EU hammerblow as France blocks ratification of landmark trade deal with Canada


France has dealt a crushing blow to the European Union’s flagship trade deal with Canada by rejecting its ratification after criticism by farmers that it brings in unfair competition from overseas.

The EU-Canada Comprehensive Economic and Trade Agreement, or CETA, provisionally went into effect in September 2017 after all EU governments agreed to it – but its full implementation still requires approval by both French legislatures.

Yesterday’s 211-44 vote in the Senate does not necessarily mean that France ultimately will reject the treaty completely.

The vote sends the bill back to the powerful National Assembly, which had approved it in 2019 and can still move to override the Senate rejection and give final approval to the measure.

Nevertheless, French President Emmanuel Macron’s centrist alliance, which has pushed for CETA’s adoption, lost its majority at the lower house in 2022, meaning the outcome of any new vote is hanging in the balance.

Should the Assembly ultimately reject the legislation, that would signal France’s failure to ratify and could unravel the EU trade deal.

In the Senate, opposition from both the conservative majority and leftist legislators centred on concerns about protecting local farmers from what they consider unfair competition, as well as France’s food sovereignty. No date has been set so far for the Assembly to consider the legislation.

Across the bloc, the ratification process has been slow, with France and nine other EU countries, including Italy and Belgium, not yet giving their approval.

As of 2020, the value of trade between the EU and Canada stood at just over £42billion.

There have been significant increases in trade volume between the EU and Canada since the trade deal provisionally went into effect. From 2017 to 2023, trade between the two jumped by 51 percent, with French exports to Canada rising by 33 percent.

Figures published by the EU two years ago suggested CETA saved £463million in duties in 2022.

Despite these economic gains, CETA has faced criticism, including over its impact on European farmers and the environment.
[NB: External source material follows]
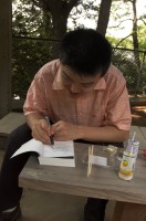 herumzuschleichen Um 19.30 treffe ich in Sengawa wieder Hiko Natürlich darf man im Bad keine Fotos machen, aber schade, dass ich Euch das nicht zeigen kann. Drüben im Live-Foto-Log gibts immerhin noch einen Schnappschuss von der Eingangshalle, in der unter anderem Massagesessel stehen. Bevor man die betritt, zieht man natürlich seine Schuhe aus und schließt sie in einem kleinen Schließfach ein. An einem Automaten ziehen wir eine Eintrittskarte und ein Ticket für ein kleines Handtuch, das man hier für 150 Yen kaufen, aber nicht leihen kann. Wir werfen es nachher trotzdem weg; was soll ich mit einem nassen Handtüchlein im Rucksack? Im Bad gibt es einen Bereich, in dem man sich zunächst reinigt. Und zwar tut man dies im Sitzen auf einem kleinen Hocker, wo man sich mit einer Brause abduschen kann und wo Haarshampoo und Duschgel bereitsteht. Anschließend hat man die Wahl zwischen allerlei Becken mit verschieden warmem Wasser, blubbernde und nicht blubbernde. Auch außen gibt es Badebecken und ein paar Tatami wo man sich an frischer Luft ausruhen kann. Die Handtücher sind übrigens wirklich winzig, kein Vergleich mit dem, was man bei uns so als Duschhandtuch benutzen würde. Die Japaner benutzen sie aber auch anders, insbesondere nicht in erster Linie zum Abtrocknen: Schon von Anfang an wird das Ding nass gemacht. Gleich wenn man sich wäscht, kann man sich damit zum Beispiel den Rücken schrubben. Ansonsten benutzen es viele Japaner, um beim Herumlaufen ein wenig ihre Blöße zu bedecken, etliche laufen aber auch ungeniert nackt rum. Im Bad ist es wohl Tradition, das Handtüchlein zusammengefaltet auf dem Kopf zu tragen. Viele machen das, Hiko nicht. Eine besondere Erwähnung verdient noch die Sauna. Es beginnt damit, dass sie strahlend hell erleuchtet ist, während man bei uns ja eher schummriges Licht kennt. Es gibt fünf oder sechs Stufen, und alles ist von oben bis unten mit Frotteetüchern ausgelegt, auf denen man sitzt. Das Handtüchlein legt man allenfalls über seinen Schritt, oder auch daneben. Alle schauen in die gleiche Richtung – auf einen großen Fernseher. Dort läuft eine dieser völlig dusseligen, unbeschreiblichen japanischen Unterhaltungssendungen. Darunter ein Schild, auf dem steht, dass das Fernsehprogramm vom Bad ausgesucht wird. Die grammatische Konstruktion dafür löst jenes unbeschreibliche Gefühl in mir aus, von dem Jay Rubin in seinem Buch Making Sense of Japanese schreibt, jenes Erstaunen, dass es gelingt, eine solch verschnörkelte Denk- und Ausdrucksweise mit dem eigenen Hirn nachzuvollziehen. Das Fernsehprogramm ist nämlich vom Haus kimeraresaseteitadaiteorimasu, ach, ich erklär das jetzt nicht. Wer Japanisch lernt, wird es nachvollziehen können. kimeta wäre die Form, die man unter Freunden vielleicht benutzen würde. Das hier ist jedenfalls die höflichste Form, die ich je in freier Wildbahn gesehen habe. Übrigens ein gutes Buch das, auch für Leute, die nicht selbst Japanisch lernen. Der Fußmarsch nach dem Bad ist länger, als wir dachten; Hiko hat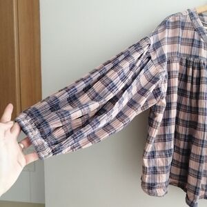 Free People We The Free Jessi Plaid Pleated Trapeze Top Balloon Sleeves Large

Critics claim it risks undermining local agriculture and increasing greenhouse gas emissions due to more transport of goods.

CETA aims to eventually eliminate almost 99 percent of tariffs.

It includes special recognition for certain European products like Agen prunes and Savoie reblochon.

The Senate’s rejection pressures the National Assembly, which only narrowly passed CETA in 2019.

If France or any other EU member state definitively rejects the treaty, it could fall apart, affecting the parts of the agreement already in operation.

French senators’ vote comes after farmers across France and Europe demonstrated on their tractors earlier this year in protests over low earnings, heavy regulation and what they call unfair competition from abroad, often criticising free-trade agreements, including the CETA.